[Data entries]
============================================================
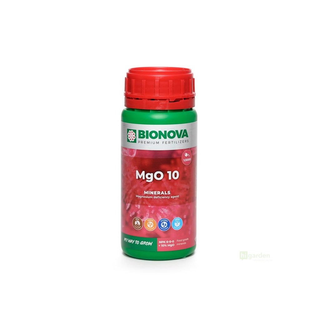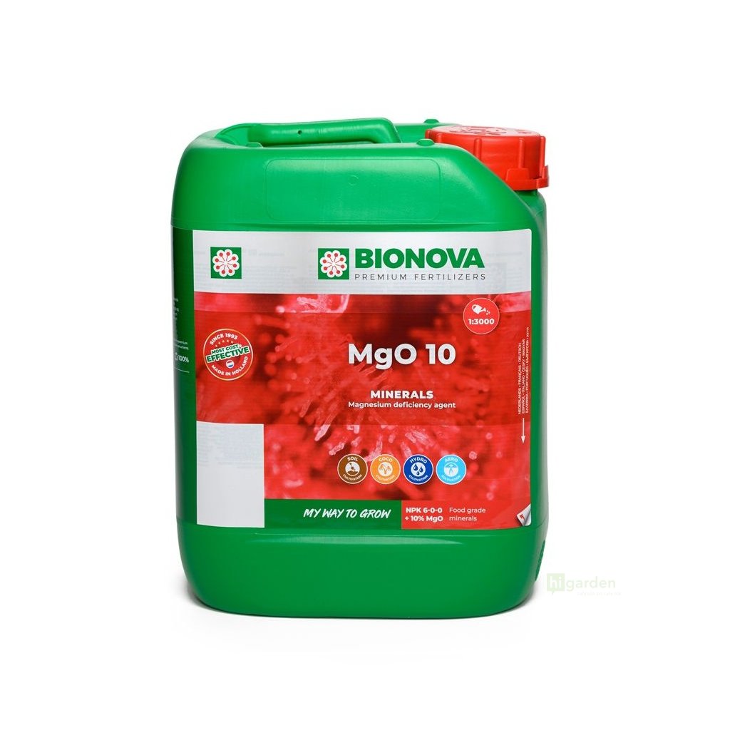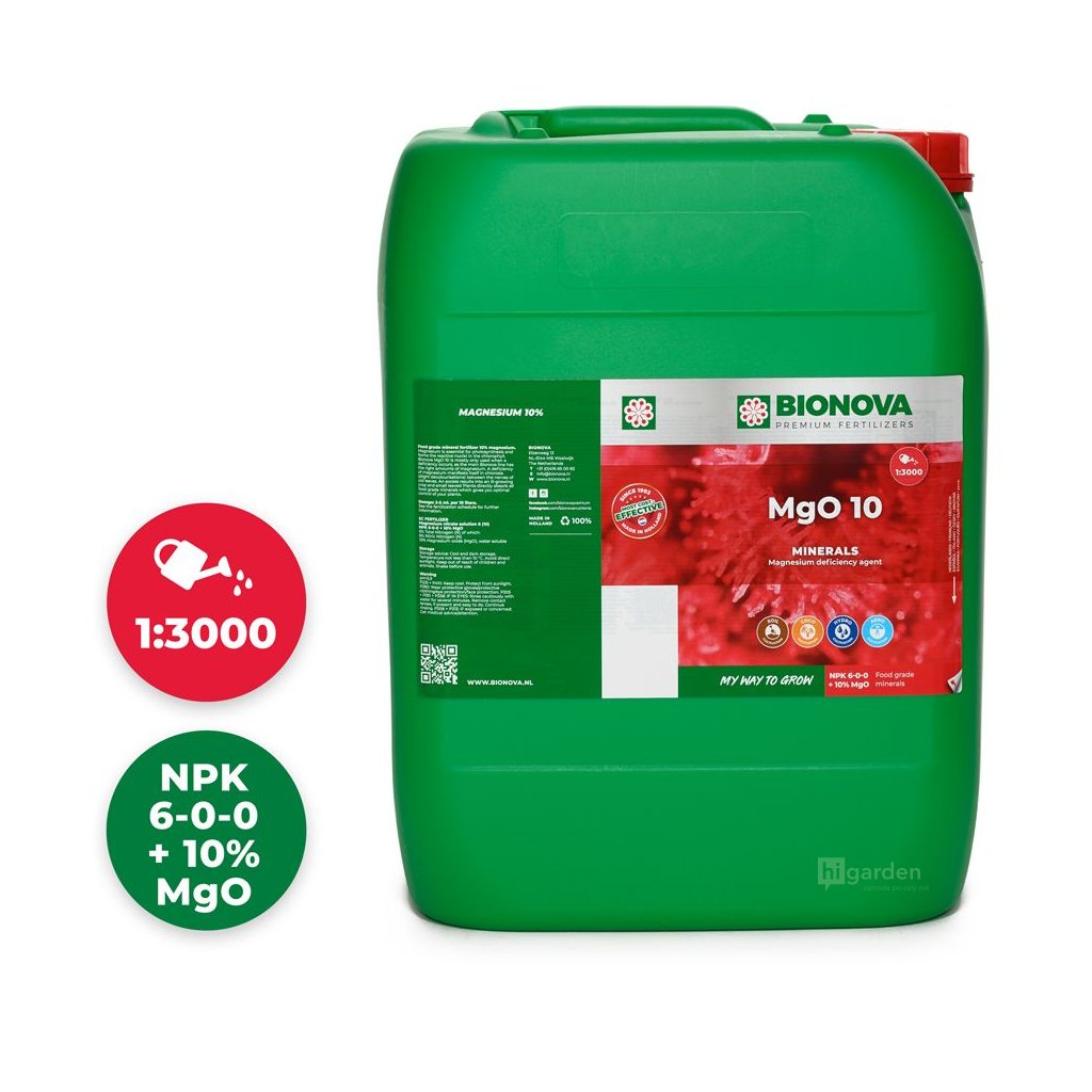 BioNova MgO 10 ist ein Produkt, das Folgendes enthält 10 % MgO. Es ist eines der Elemente, die für die Flüssigkeit dünger Bio Nova unverzichtbar sind. Magnesium unterstützt den Chlorophyllprozess, der Lichtenergie in chemische Energie umwandelt (ATP und ADP). Magnesiummangel führt zu Chlorose (Farbverlust) und frühem Blattfall. Umgekehrt führt ein Magnesiumüberschuss zu ungesunden pflanzenwachstum und kleine Blätter. BN MgO 10% wirkt sehr schnell, ist wirtschaftlich und enthält keine überflüssigen Inhaltsstoffe.
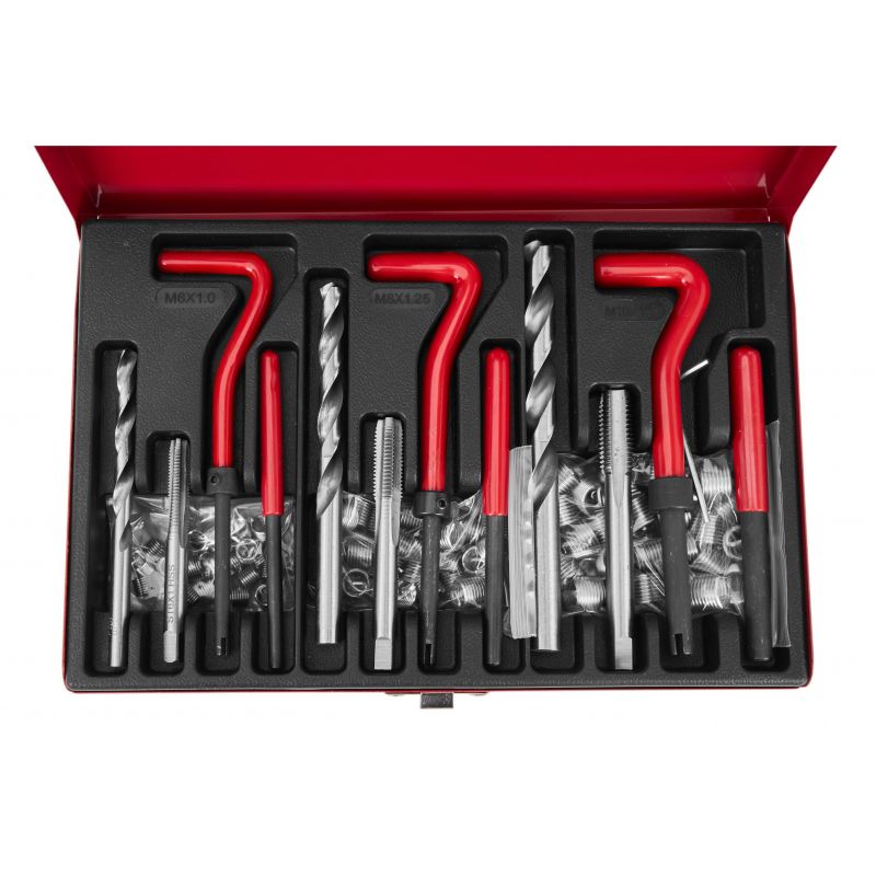 A menetjavító készlet, 88 darabos | KD10591 a legmagasabb minőségű edzett acélból készült elemeket tartalmazza, így minden műhelyben és garázsban bizonyítani fogja a helyét. A készlet mindenféle menetes kötés javítására használható a legtöbb anyagban. A nagyszámú elemnek köszönhetően a készlet nagyon sokoldalú. Minden szerszám a legmagasabb minőségű anyagokból – kiváló minőségű HSS acélból – készült. Ez garantálja a tartósságot a műhelyben való hosszú távú használat során. A teljes készlet egy masszív fémdobozban található, amelyben minden szerszámnak kijelölt helye van a rendben tartás érdekében.
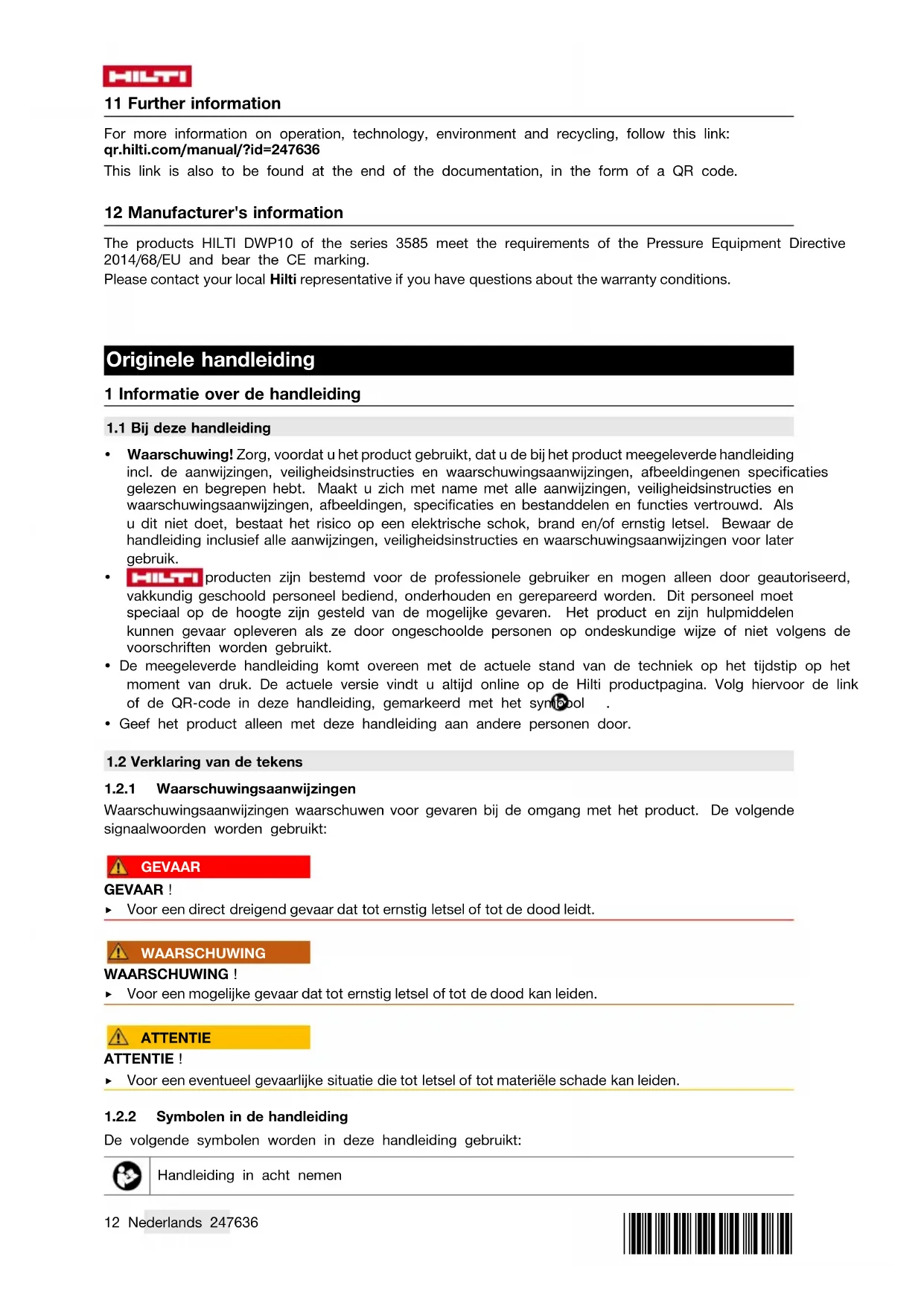 Veiligheidsklep is defect ▶ Laat het apparaat door de Hilti Service repareren. Manometer geeft geen druk in het reservoir aan Manometer is defect ▶ Laat het apparaat door de Hilti Service repareren. 9 Recycling Geef dit product niet met het huisvuil mee! Hilti apparaten zijn voor een groot deel vervaardigd uit materialen die kunnen worden gerecycled. Voor recycling is een juiste materiaalscheiding noodzakelijk. In een groot aantal landen neemt Hilti uw oude apparaat voor recycling terug. Vraag hiernaar bij de klantenservice van Hilti of bij uw verkoopadviseur. 10 Fabrieksgarantie ▶ Neem bij vragen over de garantievoorwaarden contact op met uw lokale Hilti-dealer. 11 Meer informatie Meer informatie over bediening, technologie, milieu en recycling vindt u onder de volgende link: qr.hilti.com/manual/?id=247636 Deze link vindt u ook aan het einde van de documentatie als QR-code. 12 Informatie fabrikant De HILTI DWP10-producten uit de 3585-serie voldoen aan de eisen van de Richtlijn Drukapparatuur 2014/68/EU en dragen de CE-markering. Neem bij vragen over de garantievoorwaarden contact op met uw lokale Hilti-dealer.18 Français 247636 *247636* Notice d'utilisation originale 1 Indications relatives au mode d'emploi
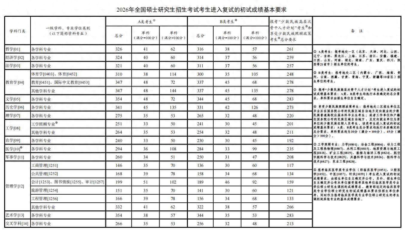 今天起,2026年全国硕士研究生招生考试初试成绩陆续可查。教育部发布《2026年全国硕士研究生招生考试考生进入复试的初试成绩基本要求》(国家分数线)。教育部要求各招生单位根据《2026年全国硕士研究生招生工作管理规定》,在国家分数线的基础上,自主确定并公布报考本单位的考生进入复试的初试成绩要求及其他学术要求。
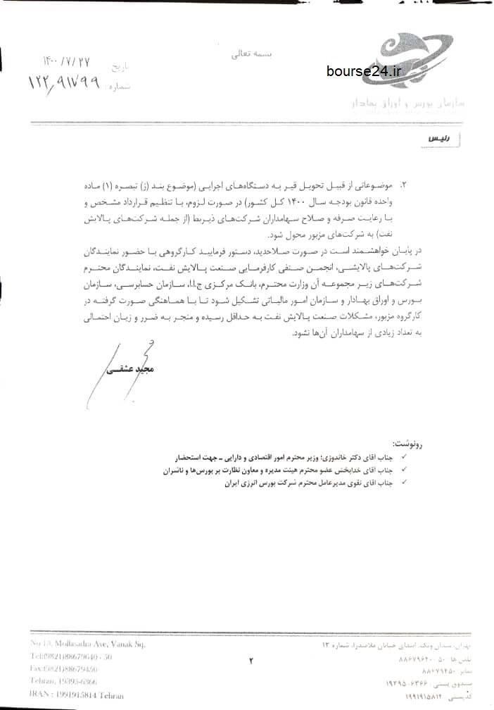 همچنین در این نامه از اوجی خواسته شده که «موضوعاتی از قبیل قیر به دستگاه های اجرایی ( موضوع بند ز) تبصره (1) ماده واحده قانون بودجه سال 1400 کل کشور در صورت لزوم با تنظیم قرارداد مشخص و با رعایت صرفه و صلاح سهامداران شرکت های ذی ربط ا(ز جمله شرکت های پالایش نفت)به شرکت های مزبور محول شود.»
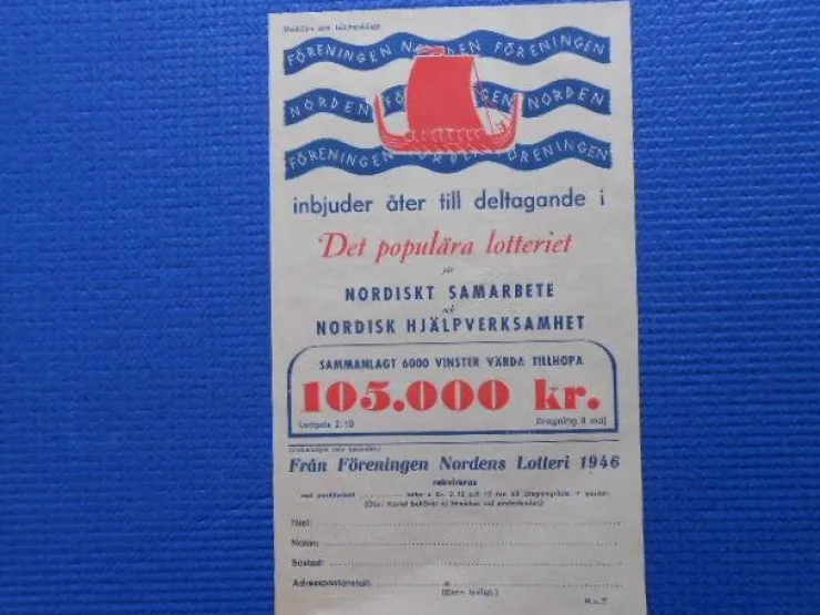 Reklamblad Föreningen Norden inbjuder till deltagande i 1946 års stora lotteri till förmån för Nordiskt samarbete och Nordisk hjälpverksamhet
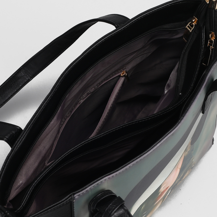 Сумка женская, 2 отдела на молниях, наружный карман, с кошельком, цвет чёрный
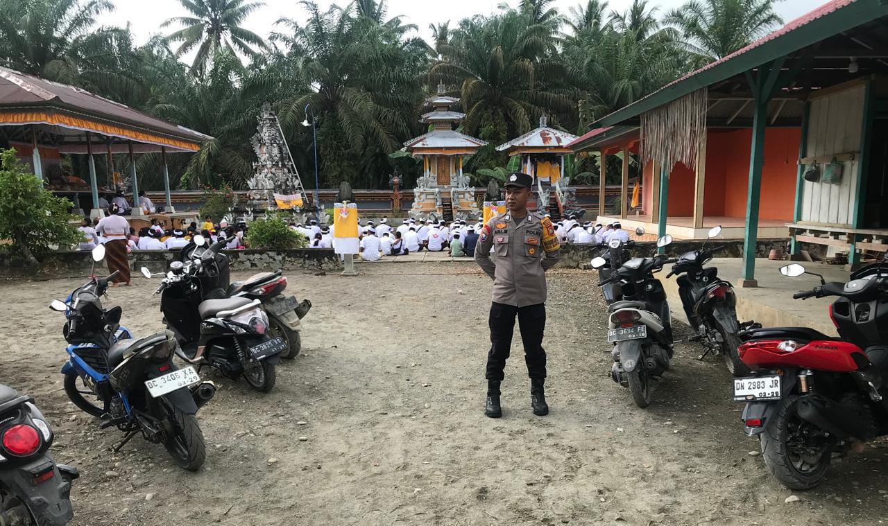 Bhabinkamtibmas Polsek Pasangkayu Laksanakan Pengamanan Giat Ibadah Galungan Umat Hindu Desa Martasari
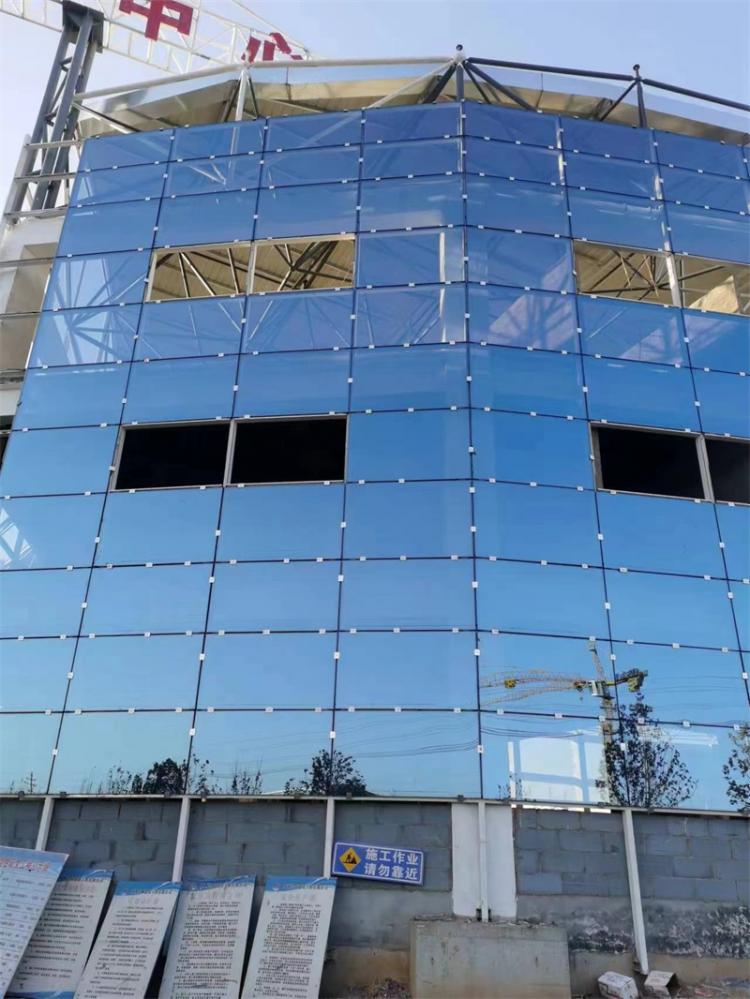 玻璃幕墻的玻璃可以分為普通玻璃、鍍膜玻璃、夾層玻璃等幾種材料。玻璃幕墻安裝中使用的夾層玻璃也就是俗稱的夾膠玻璃,它是由兩片或者兩片以上的玻璃,在中間層中有一種透明的有機材料。這種材料一般是聚乙烯醇縮丁醛俗稱PVB或者離子膜夾在兩塊玻璃之間。使用這種玻璃的玻璃幕墻在施工完畢以后,它的抗沖擊力和抗貫穿力很強。在受到外來力的時候,無論玻璃是垂直或者傾斜安裝在幕墻上,事都可以抵擋外來撞擊的穿透力。
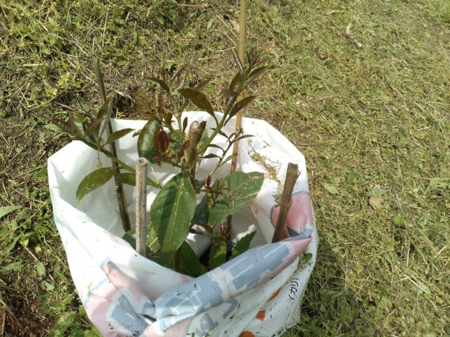 今日から5月。世の中はゴールデンウイーク。休もうかなとも思ったが、草刈りに行くことにした。草刈りはまあまあ楽しい。刈ったあと、成果がすぐ目で見える。今日はシオカラ地区の大津4号園地の草刈りをした。ここはレモンの苗木を3月20日ごろ20本植えたところ。苗木を植えるまえにざっと草刈りしたのだが、ノゲシが腰丈くらい伸びてきている。コセンダングサ(くっつき虫)も育ってきていた。2時間ほどかかって終了。レモンの苗木がすごく元気がいい。どんどん芽がのびてきて、肥料袋からはみだしてきている。しかも植えた苗木はみんなおんなじように育っている。レモンが強いのか、苗木がいい苗木だったのか。
============================================================
Exercise prompt: Please set down only the lines from the one containing "Reklamblad Föreningen Norden" through the end of the entries, exactly as they stand, both ends included and with no pictures.

Solution to this task:
 Reklamblad Föreningen Norden inbjuder till deltagande i 1946 års stora lotteri till förmån för Nordiskt samarbete och Nordisk hjälpverksamhet
 Сумка женская, 2 отдела на молниях, наружный карман, с кошельком, цвет чёрный
 Bhabinkamtibmas Polsek Pasangkayu Laksanakan Pengamanan Giat Ibadah Galungan Umat Hindu Desa Martasari
 玻璃幕墻的玻璃可以分為普通玻璃、鍍膜玻璃、夾層玻璃等幾種材料。玻璃幕墻安裝中使用的夾層玻璃也就是俗稱的夾膠玻璃,它是由兩片或者兩片以上的玻璃,在中間層中有一種透明的有機材料。這種材料一般是聚乙烯醇縮丁醛俗稱PVB或者離子膜夾在兩塊玻璃之間。使用這種玻璃的玻璃幕墻在施工完畢以后,它的抗沖擊力和抗貫穿力很強。在受到外來力的時候,無論玻璃是垂直或者傾斜安裝在幕墻上,事都可以抵擋外來撞擊的穿透力。
 今日から5月。世の中はゴールデンウイーク。休もうかなとも思ったが、草刈りに行くことにした。草刈りはまあまあ楽しい。刈ったあと、成果がすぐ目で見える。今日はシオカラ地区の大津4号園地の草刈りをした。ここはレモンの苗木を3月20日ごろ20本植えたところ。苗木を植えるまえにざっと草刈りしたのだが、ノゲシが腰丈くらい伸びてきている。コセンダングサ(くっつき虫)も育ってきていた。2時間ほどかかって終了。レモンの苗木がすごく元気がいい。どんどん芽がのびてきて、肥料袋からはみだしてきている。しかも植えた苗木はみんなおんなじように育っている。レモンが強いのか、苗木がいい苗木だったのか。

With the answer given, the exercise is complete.